Nouveauté : le ci-devant thésard devenu professeur du sérail lève le voile sur l’Université française, ses limites ou ses paresses. Pour paraphraser Marc Lièvremont après une certaine victoire du XV tricolore sur le XV de la Rose, « quel pied ! » de voir ainsi asticoter quelques sommités, plus habituées à donner des leçons qu’à en recevoir. Saber Mansouri se joue de ces professeurs qui ne cessent d’assigner leurs étudiants étrangers à résidence culturelle et nationale. Ainsi, un doctorant malien devra plancher sur « les techniques agricoles ou le développement durable » mais pas question de se pencher sur « la protection de la côte corse ou bretonne ». C’est niet ! Doctement niet ! Et Mansouri d’offrir quelques sujets de thèses ubuesques en guise d’illustration. Petit florilège non exhaustif : « « Maria Callas et Oum Kalthoum : une comparaison vocale », « L’influence du Nouveau roman sur la littérature saoudienne », « la fin de la IVe République en France et le départ de Ben Ali : éléments de comparaison » ou « La guerre d’Algérie dans l’édition française : 1940-2001 ».

Après avoir rappeler deux ou trois citations d’une académicienne, d’un philosophe omniprésent et omniscient, d’un président en exercice, il assène : « l’élite française s’écoute parler avec une satisfaction désarmante.

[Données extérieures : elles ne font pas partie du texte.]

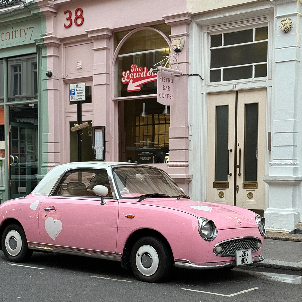 歩いているとピンクのお店の前にピンクのフィガロ!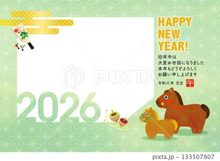 2026年賀 午年親子のフォトフレーム年賀状[1窓]

Le racisme ordinaire, celui des sots, ne doit pas vous peiner : méfiez-vous toujours du racisme pudique, intelligent et paternaliste. » Après avoir dessillé les yeux de son lecteur, on peut interroger : quel regard porter sur le rôle assigné par la France à « ses » étudiants venues d’ailleurs ou à « ses » Français aux origines toujours convoquées, sur qui  « on compte » « pour redonner du galon à la politique africaine de la France » ? Ne sont-ils pas (aussi) confinés dans un rôle d’intermédiaire, de passerelle, de traducteur, de pion instrumentalisé, rentable, etc. ?  D’ailleurs, « avec les Arabes et les musulmans on parle volontiers de pétrole, de banlieues, de burqa… » explique l’auteur sur un  bon paragraphe, mais on ne parle pas de « l’aristotélisme, du platonisme, de la démocratie, (...) de gastronomie, de Glenn Gould (...) de la paix… »  égrène, sur deux pages cette fois, le même. Toujours ces maudites représentations d’un autre âge, un soupçon de colonialisme, un nuage de condescendance et peut-être pas mal de désintérêt. Aussi, quand la rue arabe manifeste et meurt pour les mêmes aspirations, les mêmes valeurs, on s’étonne, on snobe, on ragote : la démocratie Athénienne à Paris, Londres ou Madrid oui mais à Tunis, Le Caire ou Alger, vous rigolez !

Conseils aux immigrés « choisis » ? Certes ! Mais cet oracle renferme aussi quelques recommandations bien utiles à tous pour mieux « vivre ensemble ». Urbi et orbi.